Dr. Nan Solomons Awarded Mini-Grant for Health Informatics Research
Dr. Nan Solomons, Health Informatics Practicum Coordinator, and Dr. Erin Hartigan, Associate Professor of Physical Therapy, were recently awarded a mini-grant by the University of New England’s Office of Sponsored Programs, for health informatics research.
The UNE mini-grant program provides funding to support faculty research and scholarship at the University of New England.
Nan, along with co-principal investigator, Dr. Erin Hartigan, Associate Professor in the Department of Physical Therapy, will use this grant to evaluate the following question: What are the barriers and facilitators to the adoption of and adherence to a criterion‐based rehabilitation progression program post Anterior Cruciate Ligament (ACL) reconstruction and subsequent effects on outcomes?

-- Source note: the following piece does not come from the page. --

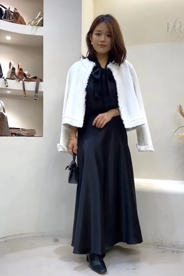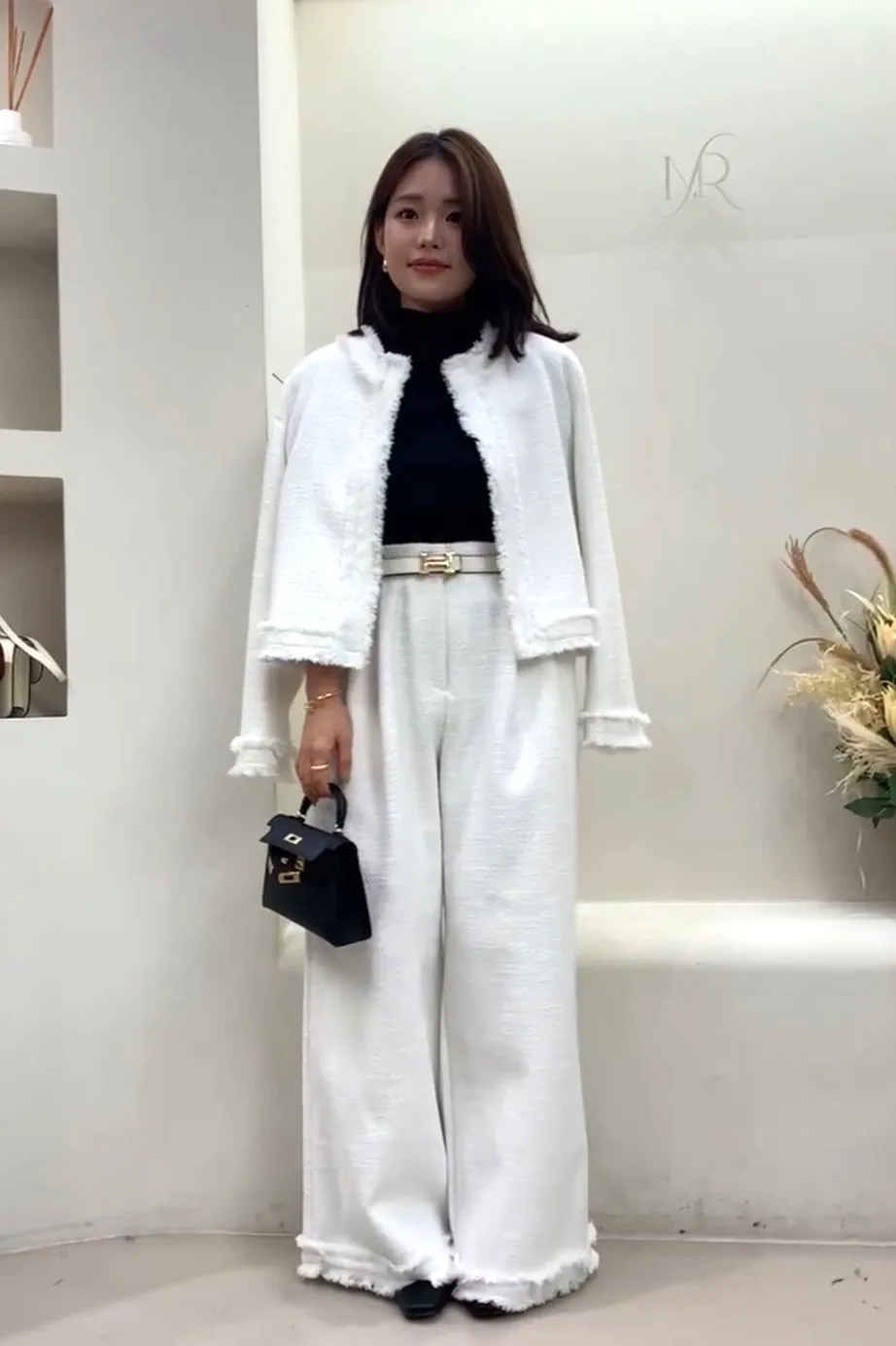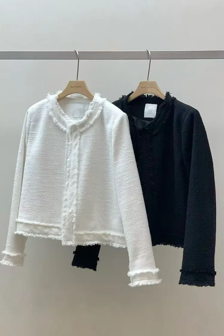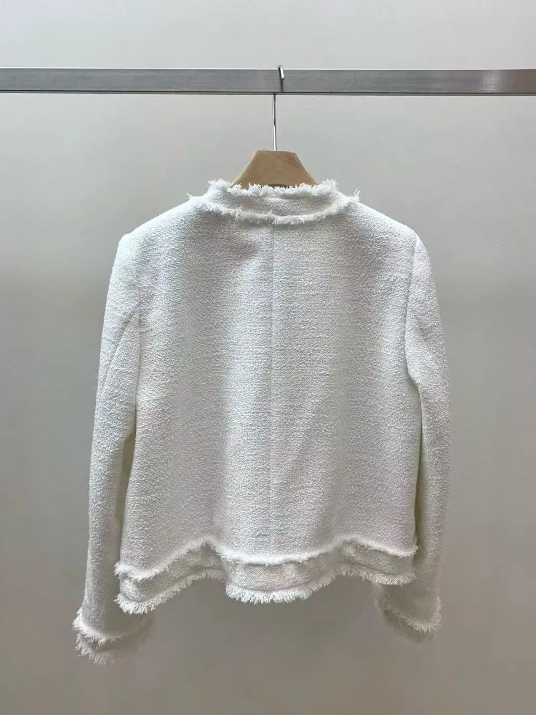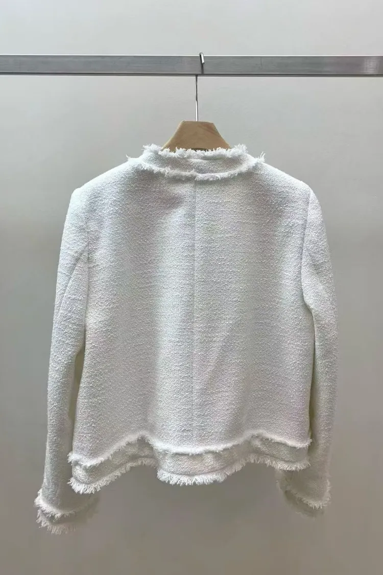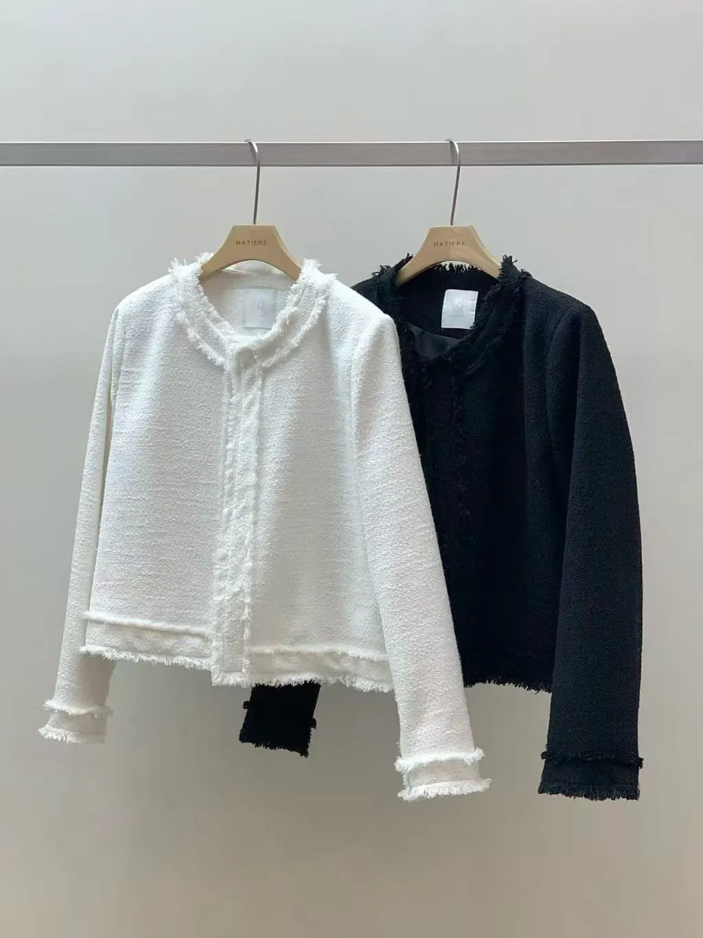 MK428套裝的鬚鬚無釦小香風外套 米 黑 官網價$1930 永恆甜甜價$1880 羊毛10%+聚酯 無釦穿脫 適合各種身形 肩寬40胸寬52全長55

In short, Nan and Erin will look at how physical therapists (PTs) adherence to best practices may affect patients’ (athletes) return to sport.
To give some background on how this grant proposal came to be, Nan explained that her co-investigator Erin is a physical therapist as well as a lifelong athlete. As such, Erin is very interested in the rate at which athletes with an ACL injury return to sport. Nan and Erin will work with a local physical therapy practice to answer questions like, how quickly do patients with ACL injuries return to sport? Is the care plan tied to health outcomes?
Knowing that the way physical therapists utilize Electronic Medical Records (EMR) in patient care is a crucial piece of the puzzle, Erin recruited Nan to join the project. Nan’s background in health informatics and specifically EMR best practices and quality improvement will enable the team to evaluate the way the physical therapists at the practice use the EMR data to develop the plan of care for patients recovering from ACL surgery.
Nan will also analyze and build out pieces of the EMR that might be missing that prevents physical therapists from increasing the quality of their care plans post-ACL reconstruction. To explain how an EMR system might be lacking, Nan drew the comparison of working with an outdated EMR system as being similar to only having access to Notepad on your computer instead of Microsoft Word. “For example, imagine you had only Notepad on your computer and not Microsoft Word. You wouldn’t be able to bold any text or create bullet points or numbered lists, so you wouldn’t get the results you want.” Part of the research will involve analyzing gaps in the current EMR system that could be affecting patient care and outcomes.
Nan explained that the mini-grant will allow them to create a “proof of concept” through conducting the foundational research to see what needs to be figured out. Success with the mini-grant lays the groundwork to potentially later apply for future funding to conduct a more thorough investigation. Next month, the investigators will be presenting a poster on their preliminary findings at the Center on Health Services Training and Research (CoHSTAR) Conference in Boston.